Athletes are different. There is the obvious physical difference that elite athletes possess, the result of long hours of training and top level coaching. To reach the pinnacle of any sport requires the physical sacrifice of training lengthy and arduous hours and countless sessions with coaches. The payoff for all this effort is a chance to step on a field or skate onto a rink and play a game at a level that only a few can. A professional athlete is handsomely compensated for reaching the acme of his profession, but the compensation is not only monetary, but in the adulation of the fans that is lavished on their heroes. Anyone that has competed at any level in any sport knows the rush that comes from the approval of your fans. It is intoxicating, not only during the heat of competition, but in your daily life. For a professional athlete, the attention is lavish and constant, especially if you are a high profile player.

From an early age, great athletes are treated differently. Their physical prowess causes them to stand out. They are told they are different. They are treated deferentially in high school, and this treatment only becomes greater at the college level. Throughout their life, they have a different track than the average person, with greater attention lavished on them. At the professional level, the attention is overwhelming. Professional teams make a concerted effort to take care of their players and their needs. From nutritional counseling to financial planning to personal appearances, teams work to meet the needs of their players. Combine that with the efforts of a player's agent, and in many cases an entourage of advisors, and a majority of the needs, and wants, of an athlete are met by third parties. All this attention to the details of an athletes personal life as well as their professional life by outside parties has the unintended consequence of oftentimes shielding them from the consequences of their actions. In some cases, the actions of a collegiate or professional athlete are overlooked or mitigated by the school or team, at least until the behavior becomes so egregious that it must be faced.

So what happens when an athlete no longer is lacing up the skates or stepping on to the football field or the court? All those years of having someone manage your off field activities changes dramatically. The attention wanes, the lavish treatment that was so intertwined in their personal life because of their professional life diminishes significantly, if not altogether disappears. In many respects, the athlete is now on their own. Decisions are now made outside the confines of the team, and perhaps even an agent or advisors. And one of the immutable laws of life is that decisions, and actions, have consequences.

Does the deferential treatment many athletes receive do more harm than good? I'm spending a great deal of time these days with my children talking about decisions, actions, and consequences. Is this a lesson that has been lost on many athletes because of the way they have been treated through the years? As I write this, the tragic death of former Titans quarterback Steve McNair is fresh on our minds. I do not write this to condemn Steve, but to ask the question "Where is the personal accountability?" Athletes in all team sports talk about being accountable to one another- for their workouts or for their play in the arena of competition. Where is the accountability for life, and the ability to discern the consequences of the choices that can be made?
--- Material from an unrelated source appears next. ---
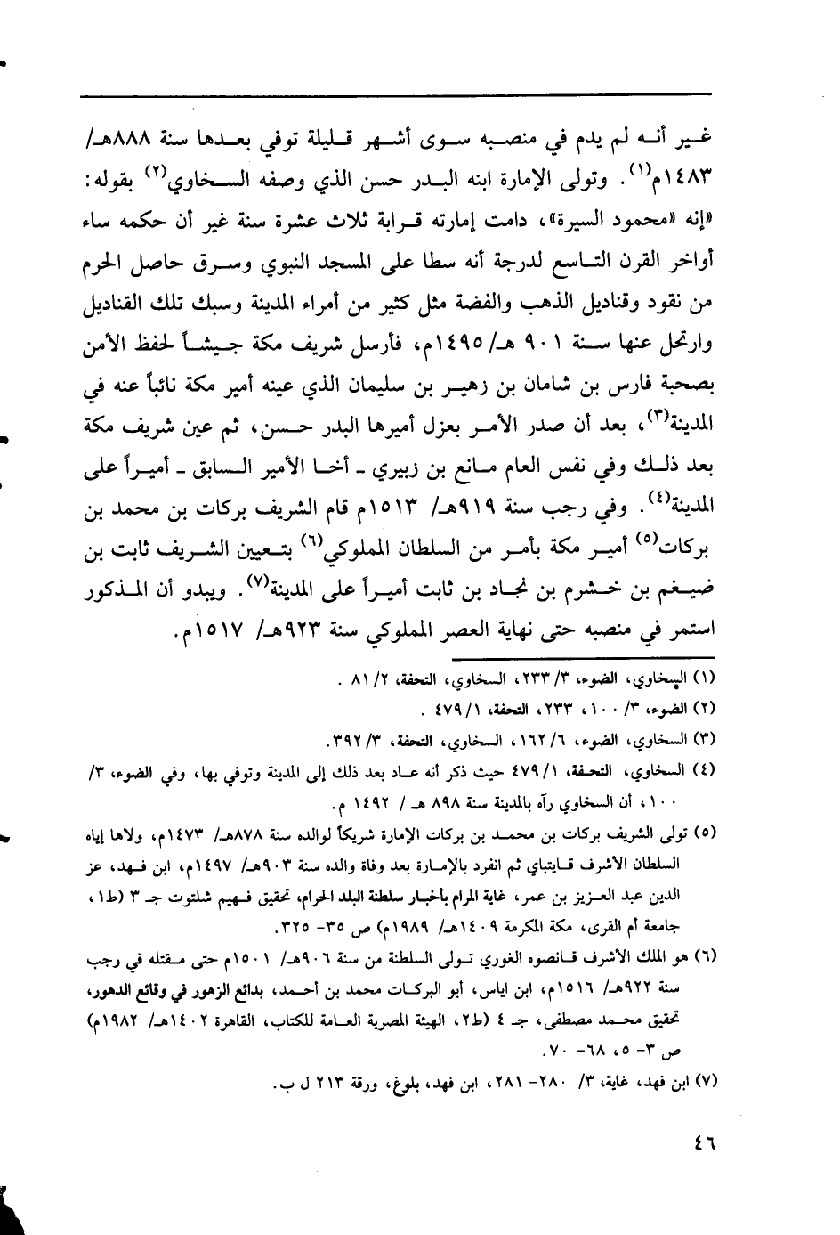 (5) تولى الشريف بركات بن محمد بن بركات الإمارة شريكاً لوالده سنة 878هـ/1473م، ولاها إياه السلطان الأشرف قايتباي ثم انفرد بالإمارة بعد وفاة والده سنة 903هـ/1497م، ابن فهد، عز الدين عبد العزيز بن عمر، غاية المرام بأخبار سلطنة البلد الحرام، تحقيق فهيم شلتوت جـ3 (ط1، جامعة أم القرى، مكة المكرمة 1409هـ/1989م) ص 35 - 325.

And yes, I know there are societal, socio-economic factors, and the personal history of each individual involved. Nevertheless, this does not negate personal responsibility and ownership of one's actions. Perhaps the better questions are "Are you ready to be accountable?" "Do you understand you are responsible for your actions?"

I'm not moralizing here. Goodness knows I've made more than my share of stupid decisions, often without properly considering the consequences of my choices. And I know I'm speaking in broad generalities here- not every athlete that rises to the pinnacle of their profession is ill equipped to make good life choices. As we survey the tragic loss of two lives and the wreckage of two families because of these choices made, I am asking if an unacceptable degree of failure hasn't been built in to the system because of the way many athletes are treated throughout their athletic life?